Inference Guide¶
This guide covers how to make recommendations after training your models.
Basic Inference¶
All recommenders follow the same recommendation interface:
Parameters:
interactions(optional): DataFrame containing interaction context features andUSER_IDusers(optional): DataFrame containing user features andUSER_ID- For most recommenders, this provides user-level features
- When using a
BaseEmbeddingEstimatorsubclass withUniversalScorerfor real-time inference, this DataFrame should containUSER_IDandUSER_EMBEDDING_NAME(pre-computed embeddings), and optionally other user features top_k: Number of items to recommend per user
Output: NumPy array of shape (n_users, top_k) with recommended item IDs.
Complete Example¶
See the Quick Start Tutorial for a complete walkthrough.
Inference Patterns¶
1. Deterministic Ranking (Default)¶
# Returns top-k items by score (deterministic)
recommendations = recommender.recommend(
interactions=interactions_df,
users=users_df,
top_k=5
)
2. Probabilistic Sampling¶
# Sample from score distribution (exploration)
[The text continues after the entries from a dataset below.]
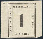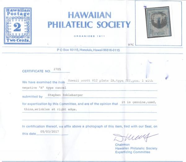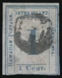 4188 12 image12, Rare 1¢ light blue Numeral on bluish white paper (Plate 2A, Type III, Pos 1). F-VF, three close to large margins, negative "H" type cancel, thins, wrinkles at right edge. Has 2017 Hawaiian Philatelic Society Certificate. A SELDOM OFFERED STAMP (Image) (View Certificate)
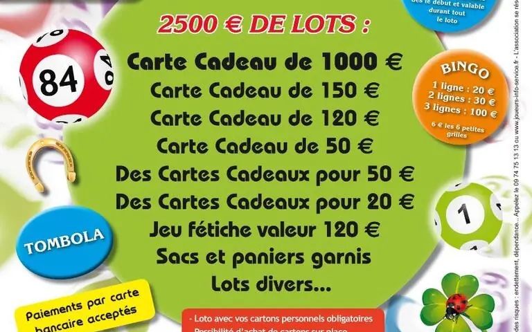 2500€ de lots. Animé par Amandine RDV Loto.
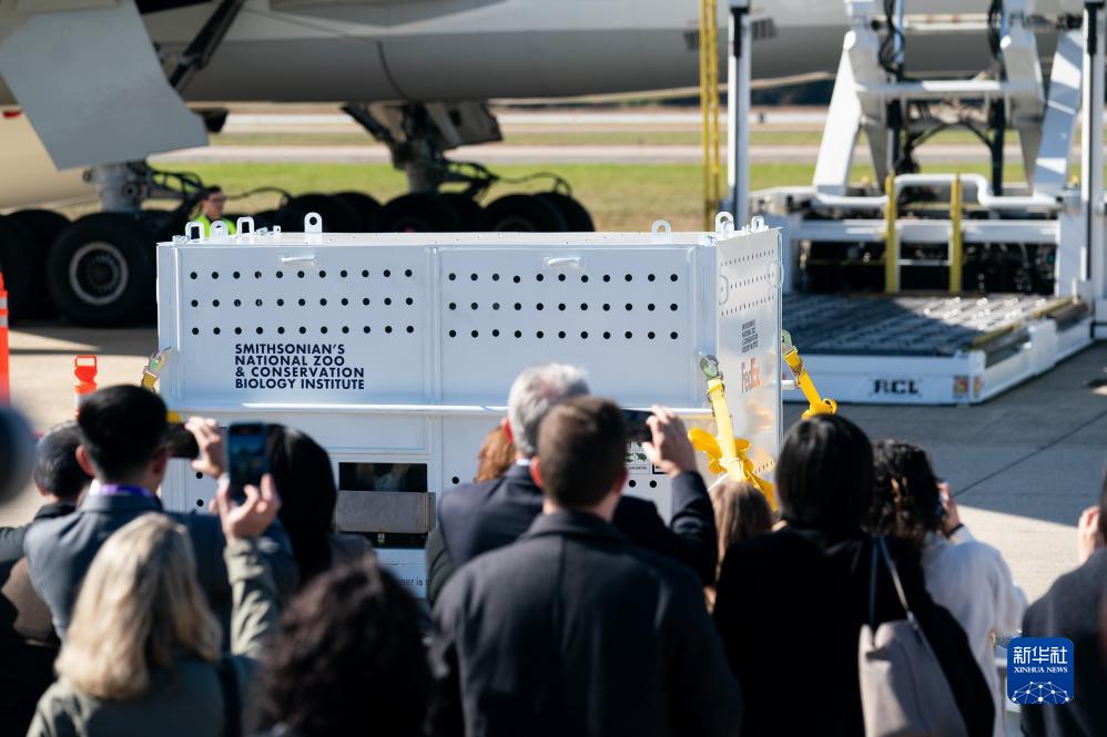 11月8日,在美國(guó)弗吉尼亞州的華盛頓杜勒斯國(guó)際機(jī)場(chǎng),裝有大熊貓的特制“旅行包廂”準(zhǔn)備運(yùn)上專機(jī)。新華社記者劉杰攝
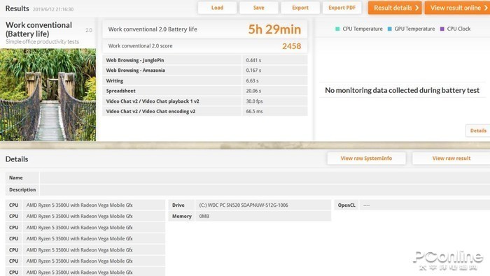 全新惠普战66二代 AMD版内置3芯 45Whr高密度长寿命电池,通过PCMARK 8的工作模拟续航测试,最终获得了5小时29分的成绩,基本可以坚持半个工作日或者一个晚上断电下的高强度工作。
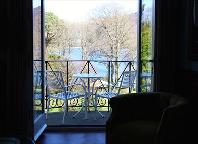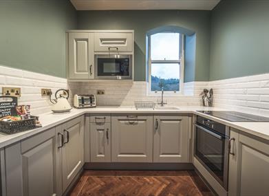 Enjoy breathtaking views across the lake and surrounding fells from the light-filled open-plan living and dining area. Large glass doors flood the space with natural light and open onto a private balcony overlooking Derwentwater. The separate kitchen is fully equipped for a comfortable self-catering stay.
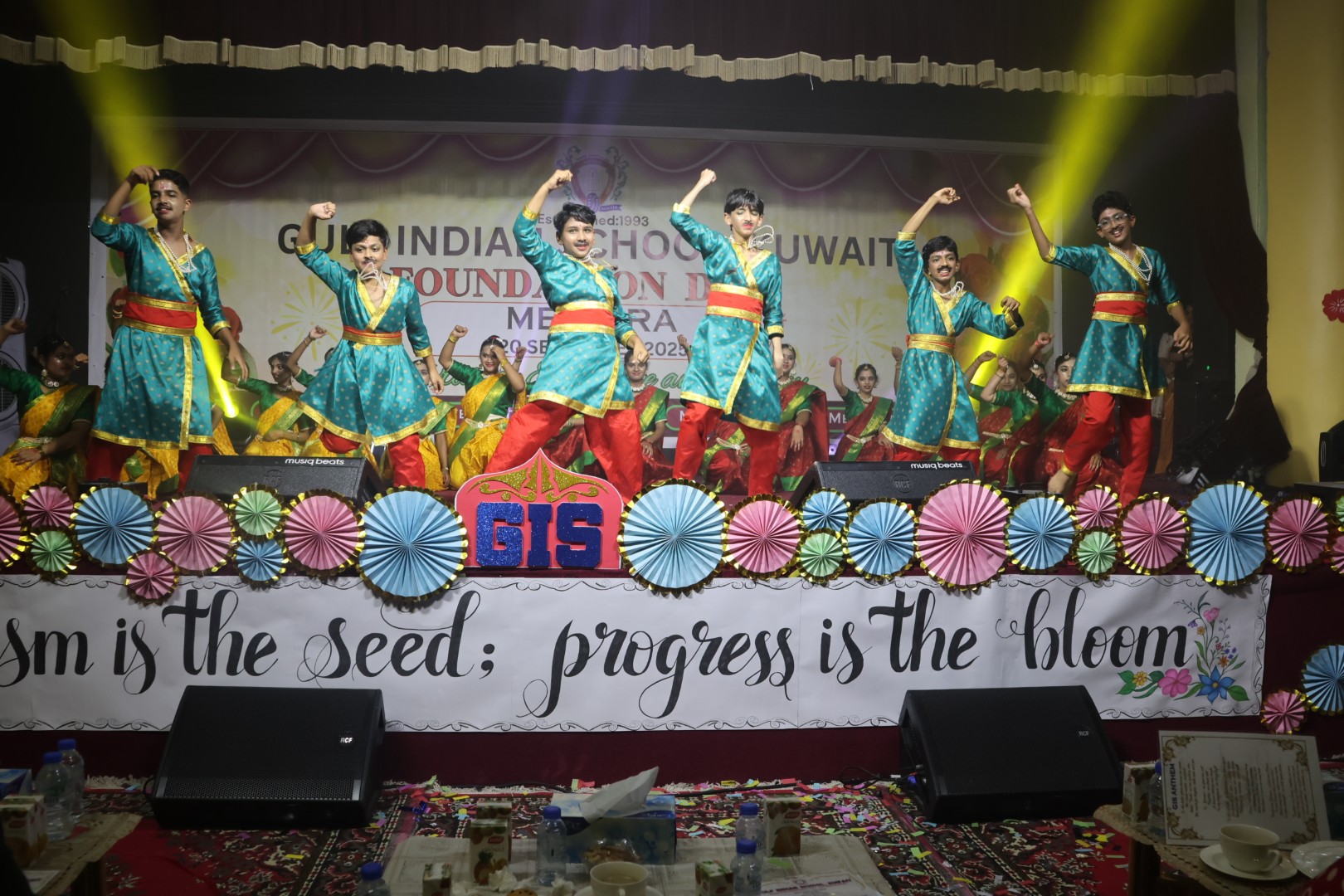The occasion was graced by Chief Guest Mr. Ghazi Faisal Al Dabbous, Chairman of Al Faisal Educational Establishment, accompanied by Manager Mr. Sreekumar Pillai and respected principals from affiliated institutions: Dr. Saleem Kundungal (India International School), Mr. Radhakrishnan C (United Indian School), Mrs. Sajitha Menon (Salmiya Indian Model School), and Mr. Anoop Kumar Sharma (New Gulf Indian School). The ceremony commenced with a melodious Quran recitation, followed by the Kuwait and School Anthems, uniting attendees in patriotic harmony. Head Girl Nanda Prasad delivered a refined welcome address, expressing gratitude for the community’s unwavering support. The stage flourished with a vibrant welcome performance and the dynamic Josh-e-Bhangra dance, earning enthusiastic applause.
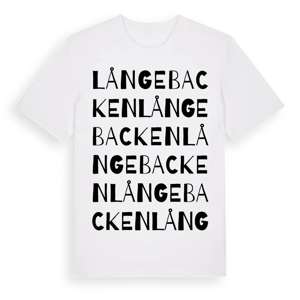 Långebacken ordlek t-shirt är inspirerad av Långebacken i Västra Götalands län, Sverige. Tröjan är designad för dig som har en speciell koppling till platsen – oavsett om du bor här, har rötterna här eller bara älskar Långebacken.

recommendations = recommender.recommend(
interactions=interactions_df,
users=users_df,
top_k=5,
sampling_temperature=0.3, # Lower = more deterministic
replace=False # Sample without replacement
)
Learn more: RankingRecommender Guide
3. Item Subsetting¶
# Recommend from specific item subset
recommendations = recommender.recommend(
interactions=interactions_df,
users=users_df,
top_k=5,
item_subset=["item_A", "item_B", "item_C"]
)
4. Getting Scores¶
# Get underlying scores for all items
scores = recommender.score_items(
interactions=interactions_df,
users=users_df
)
# Returns: DataFrame with rows=users, columns=items, values=scores
Real-Time Inference Optimization¶
1. Single-User Mode (recommend_online and score_fast)¶
For real-time APIs with one user at a time, use recommend_online() — it skips the
pandas join entirely, applies schema validation, and returns ranked item names directly:
# Preferred: handles schema + feature merging + ranking in one call
recommendations = recommender.recommend_online(
interactions=single_user_interactions_df,
users=single_user_df,
top_k=5,
)
For scoring only (without ranking), call scorer.score_fast() directly with a
pre-merged single-row DataFrame (no USER_ID):
# Pre-merge interactions and user features yourself
features_df = pd.DataFrame({"feat1": [18], "feat2": [0]}) # no USER_ID
scores_df = recommender.scorer.score_fast(features_df)
# Returns: DataFrame with item names as columns
Supported scorers: UniversalScorer, MulticlassScorer, MultioutputScorer,
and IndependentScorer. Not supported for embedding-based estimators
(NCF, Two-Tower, DeepFM) — use score_items() for those.
2. Parallel Inference (Independent Scorer)¶
from skrec.scorer.independent import IndependentScorer
scorer = IndependentScorer(estimator)
scorer.set_parallel_inference(parallel_inference_status=True, num_cores=4)
recommender = RankingRecommender(scorer)
# Inference now parallelized across items
Batch vs Real-Time¶
Batch Inference¶
# Process many users at once
large_interactions_df = pd.DataFrame({"USER_ID": user_ids}) # 1000s of users
large_users_df = pd.DataFrame({"USER_ID": user_ids, ...})
# Single batch call
all_recommendations = recommender.recommend(
interactions=large_interactions_df,
users=large_users_df,
top_k=5
)
Real-Time Inference¶
# Process one user at a time (API endpoint) — no join overhead
def get_recommendations_for_user(user_id, user_features):
interactions_df = pd.DataFrame({"USER_ID": [user_id]})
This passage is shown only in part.